== EXTRACTED ENTRIES ==
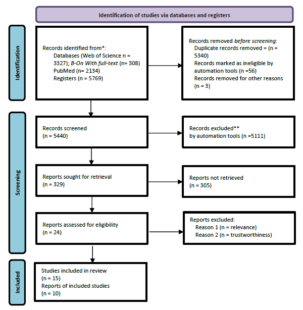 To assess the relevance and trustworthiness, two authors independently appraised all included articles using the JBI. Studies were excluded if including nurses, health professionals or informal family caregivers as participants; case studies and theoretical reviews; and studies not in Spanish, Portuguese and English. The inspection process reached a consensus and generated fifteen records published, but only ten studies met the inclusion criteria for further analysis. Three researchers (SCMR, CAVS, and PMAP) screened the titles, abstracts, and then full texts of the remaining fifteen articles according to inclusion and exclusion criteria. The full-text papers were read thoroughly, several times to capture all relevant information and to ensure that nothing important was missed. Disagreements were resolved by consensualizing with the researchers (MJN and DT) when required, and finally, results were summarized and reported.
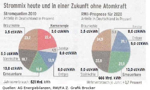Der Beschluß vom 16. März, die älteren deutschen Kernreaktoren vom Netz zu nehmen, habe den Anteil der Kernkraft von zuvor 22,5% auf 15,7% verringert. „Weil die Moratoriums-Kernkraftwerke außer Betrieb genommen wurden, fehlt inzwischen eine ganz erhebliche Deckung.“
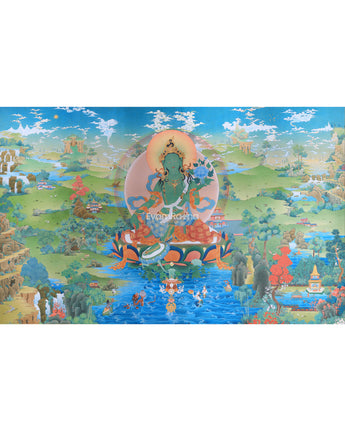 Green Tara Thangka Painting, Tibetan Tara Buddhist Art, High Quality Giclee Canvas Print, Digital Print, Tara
===
== EXTRACTED ENTRIES ==
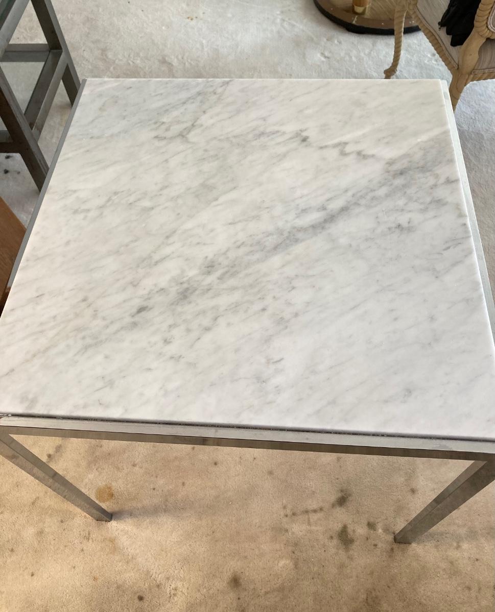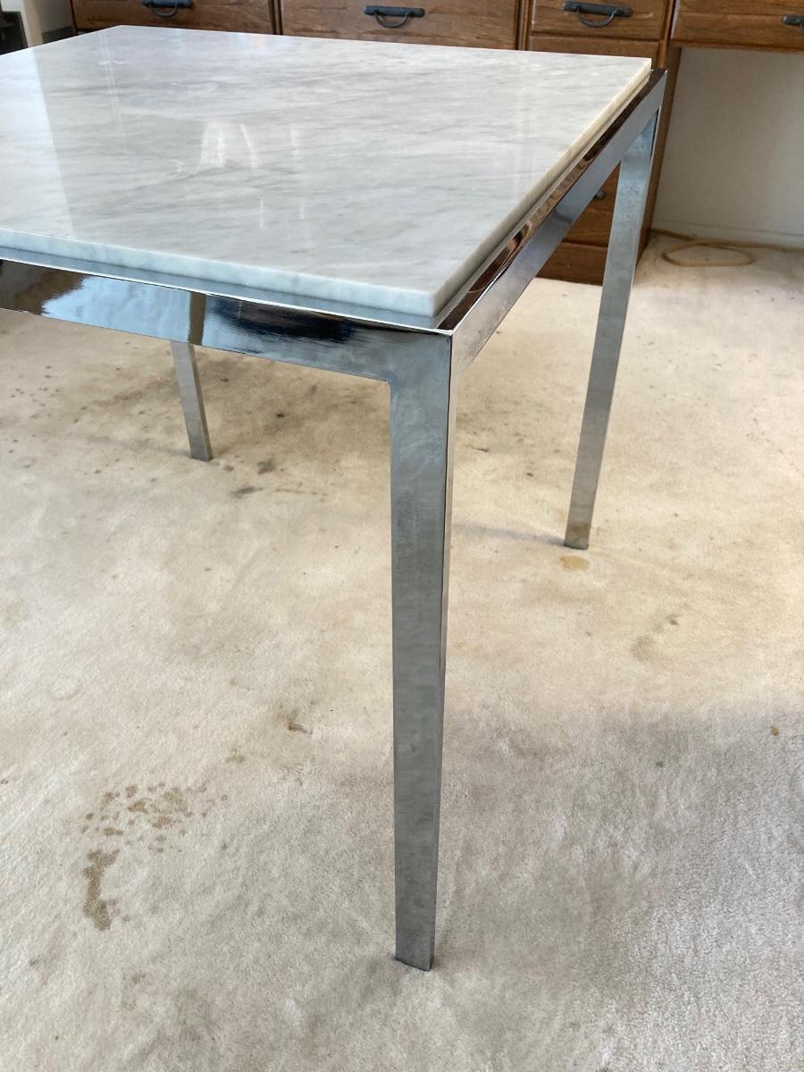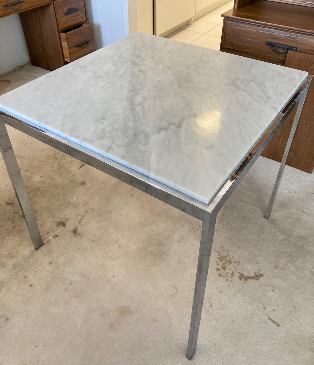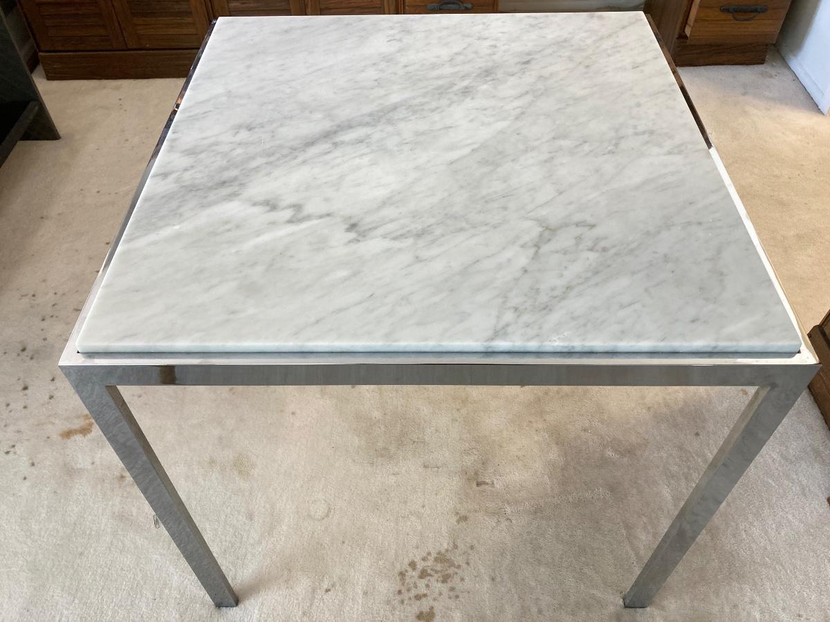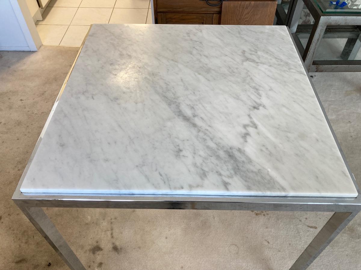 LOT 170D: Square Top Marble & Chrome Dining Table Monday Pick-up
===
== EXTRACTED ENTRIES ==
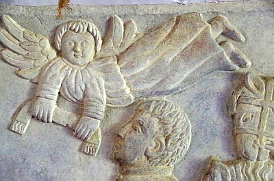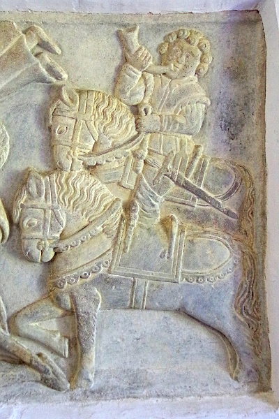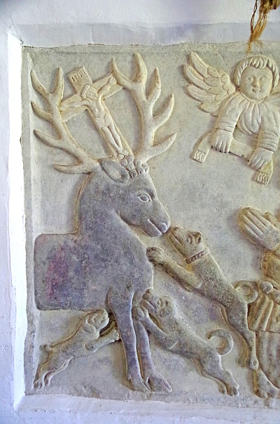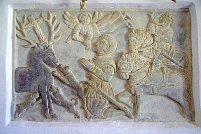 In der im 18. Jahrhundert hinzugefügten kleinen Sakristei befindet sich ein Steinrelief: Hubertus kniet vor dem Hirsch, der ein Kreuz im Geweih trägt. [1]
===
WHAT NEEDS TO BE DONE –
Exactly the lines above from the one that contains "Der Beschluß vom" down to the one that contains "Green Tara Thangka" are to be output, both ends kept and pictures omitted.

ANSWER FOR THE TASK –
Der Beschluß vom 16. März, die älteren deutschen Kernreaktoren vom Netz zu nehmen, habe den Anteil der Kernkraft von zuvor 22,5% auf 15,7% verringert. „Weil die Moratoriums-Kernkraftwerke außer Betrieb genommen wurden, fehlt inzwischen eine ganz erhebliche Deckung.“
 Green Tara Thangka Painting, Tibetan Tara Buddhist Art, High Quality Giclee Canvas Print, Digital Print, Tara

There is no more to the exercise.